There’s some truth to the idea that the broken-hearted may eat entire cartons of Ben & Jerry’s, or that kids picked last for dodgeball may lash out at their classmates.
Experiments have shown that social rejection prompts people to make poor decisions, such as eating more than they know they should or drinking too much. Now, a study in the current issue of the journal Social Neuroscience uncovers the neural basis for such poor decision-making. Researchers report that the feeling of social exclusion changes activity in specific regions of the brain responsible for self-control.
The researchers, a group of neuroscientists and psychologists from the University of Georgia and San Diego State University, asked 30 female undergraduates to fill out a personality questionnaire. After pretending a computer analyzed their answers, the researchers told half of the participants that the results suggested they would “end up alone” later in life.
The subjects then completed a series of math problems, a task that required that they pay attention, an important factor in self-control. While participants solved the problems, researchers examined their brains using magnetoencephalography (MEG), a form of imaging that measures the magnetic fields produced by the brain’s electrical activity. The study was the first to use MEG to test the effects of social exclusion on the brain.
Those who had been told they would end up alone in life answered the math questions more slowly and were more likely to answer them incorrectly. This supported the hypothesis that these subjects would be less in control of their actions.
The discipline needed to concentrate on the math problems parallels the discipline needed to avoid drinking too much or to keep one’s emotions in check, said W. Keith Campbell, the study’s lead author and a psychologist at the University of Georgia. Because a series of math problems requires participants to pay attention and also yields a high quantity of results, it is a standard test of self-control, Campbell said.
The study also found decreased activity in the parietal cortex, a part of the brain associated with paying attention, and the prefrontal cortex, a part of the brain involved in executive control of behavior. The decreased activation of these parts of the brain helps explain the lack of self-control that follows rejection, researchers said.
“It’s a clear link between the neural processes and the social behavior,” Campbell said.
Because MEG measures brain activity millisecond by millisecond, it can help demonstrate causality, said University of Georgia cognitive neuroscientist Brett Clementz, who co-authored the study.

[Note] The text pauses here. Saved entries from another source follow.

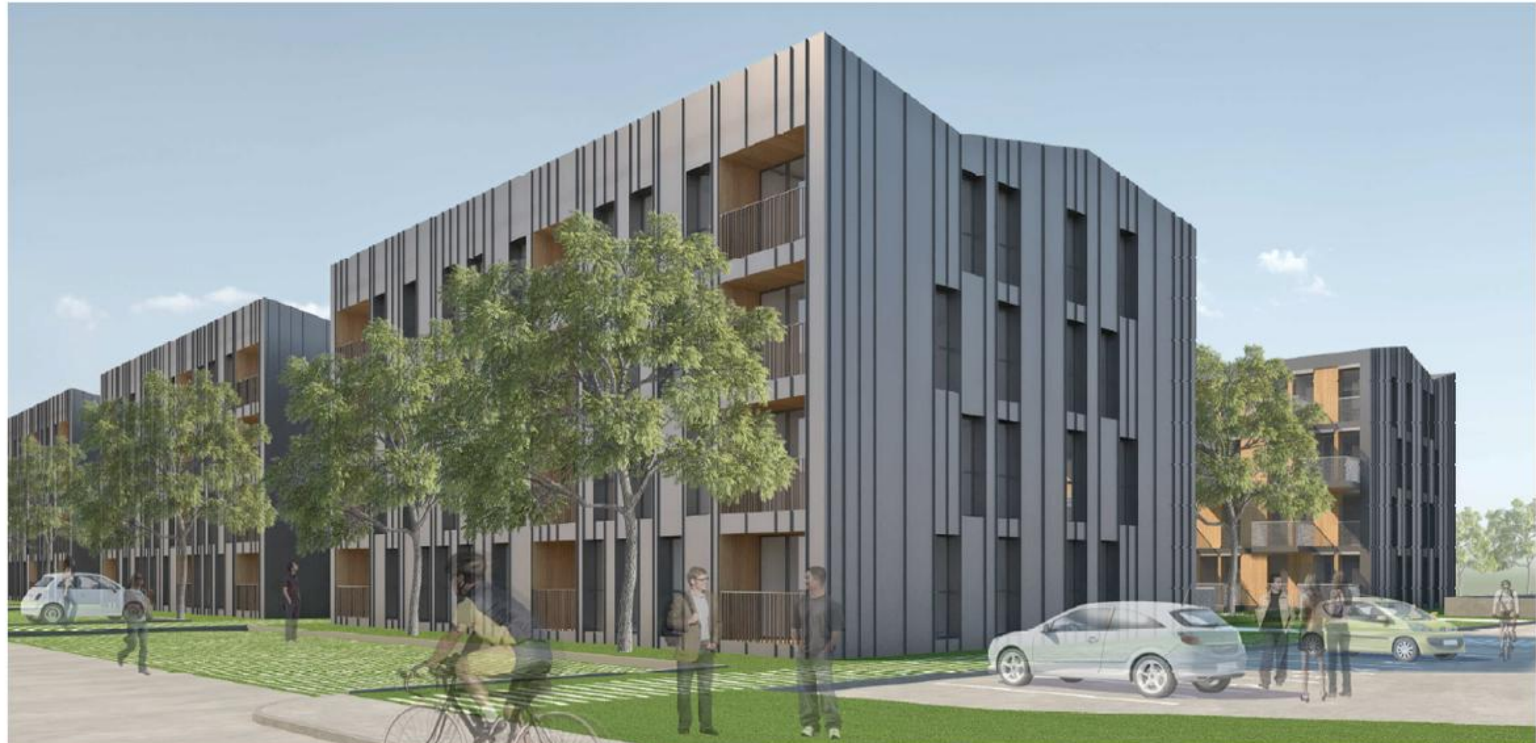
ZUNANJA TRDA FASADNA OPNA JE OBLIKOVANA KOT MONOLITEN OVOJ PERFORIRAN Z OKENSKIMI ODPRTINAMI IN LOŽAMI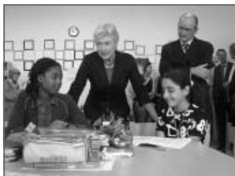
Minister van onderwijs Maria van der Hoeven verichte de officiële opening van het nieuwe pand aan de Roggeveenstraat.

Het docententeam bestaat uit 20 leerkrachten (inclusief 2 peuterleidsters / exclusief 6 SPW stagiaires, welke 4 dagen in de week voor een heel schooljaar aan de groepen zijn toegevoegd). Op de begane grond zijn de groepen 1-2 en 3 gelocaliseerd, op de 1 e etage de groepen 7 en 8 en op de 2 e verdieping zitten de groepen 4, 5 en 6.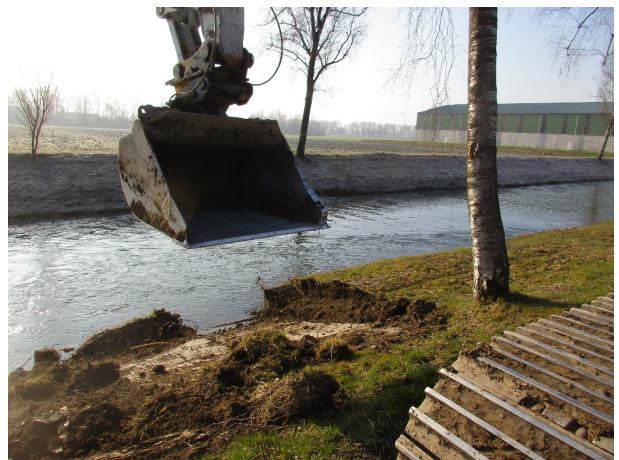
Entfernung von Böschungswülsten

Bei Unklarheit über das zu wählende Verfahren gibt das Amt für Natur, Jagd und Fischerei gerne Auskunft.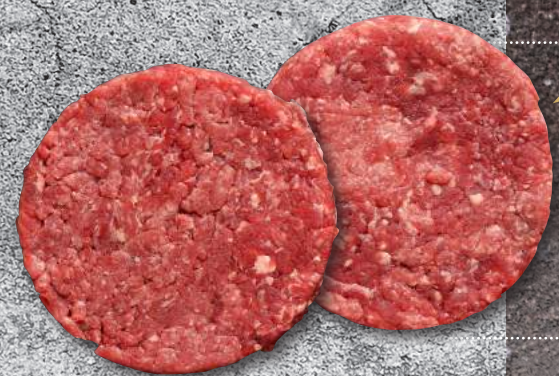
HEREFORD- ANGUS BURGER POL ΚΤΥ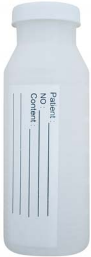
250ml Behälter für Erwachsene, mit Verschlussdeckel REF 30-56-250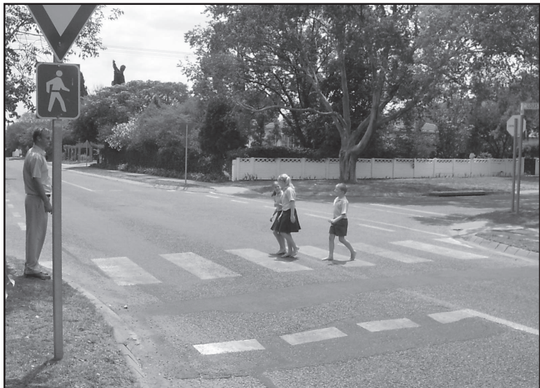
Strate moet op veilige punte oorgesteek word

Die punt waar die meeste ongelukke voorkom, is by die oorsteek van strate. Dis baie maklik om jou met die spoed van 'n aankomende voertuig te misgis en so tot 'n ongeluk aanleiding te gee. Om ongelukke te vermy, moet die volgende gedoen word: Kyk altyd eers regs, dan links en dan weer regs in die pad af om seker te maak dat dit veilig is om oor te stap. Moenie oorstep voor die pad skoon is of die voertuie gestop het nie.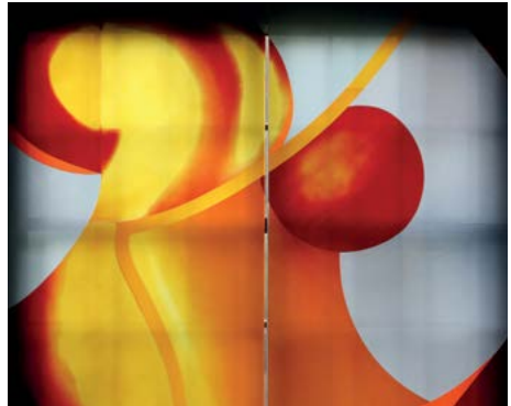
Vorderes Kunstglasfenster: Jesu Geburt

Im Bild zur Geburt dominiert die Farbe Rot als Farbe der Liebe, der Kraft, des Blutes, des Lebens, der Wärme, der Aktivität und der Leidenschaft. Mit der Farbe Gelb strahlt Licht durch das Bild. Das Blau steht für den Himmel. Die runden Formen weisen auf die Ewigkeit hin – ohne Anfang und Ende. Groß und Klein deuten auf das Verhältnis von Mutter und Kind hin, die noch verbunden, aber in der Loslösung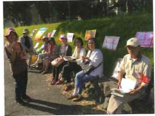
▼クリスマス飾りにまぎれそうな可愛いシーサーでした

そのときは、座間からコメから調味料まで食料持参で、地元でシェアリングしている一軒家を拠点にしているそうで、つい先日までは、カレー隊の弁当作りまでしていたそうです。 そのほかにも、国会前のデモやドキュメント映画の上映など、常に社会問題と向き合っています。かつては、自然食の弁当屋を営むなど経済的に自立しながら社会とかかわってきました。その芽はさかのぼれば、小学校のPTAの民主化や主婦の問題、食の問題等くらしと政治に目を向けてきことによるものかもしれません。 お話をうかがっていると、「子孫に美田を残さず」の精神で、好きなことをできるまで続けていきたいと3氏は言います。いつも3人一緒なので姉妹と間違われるそうですが、座間の元氣いっぱい3人娘の活躍に、当分、目を離せそうにありません。

Excluded subjects had decreased activity in the parietal cortex and prefrontal cortex just before answering questions incorrectly, demonstrating that the change in brain activity was directly responsible for their poor performance.
Earlier research had established a lack of self-control following social exclusion, “but it was hard to explain why,” said Natalie Ciarocco, a social psychologist at Florida Atlantic University who was not involved in the study.
By identifying the parts of the brain affected by the feelings of exclusion, she said, this research goes a long way to explaining why exclusion has the effect it does.
The study is limited, however, by the fact that it only examined the short-term effect of exclusion, without offering conclusive evidence about the impact of life-long rejection, Clementz said.
“We have to debrief people,” he said. “We can’t let them think forever that they’re going to end up alone.”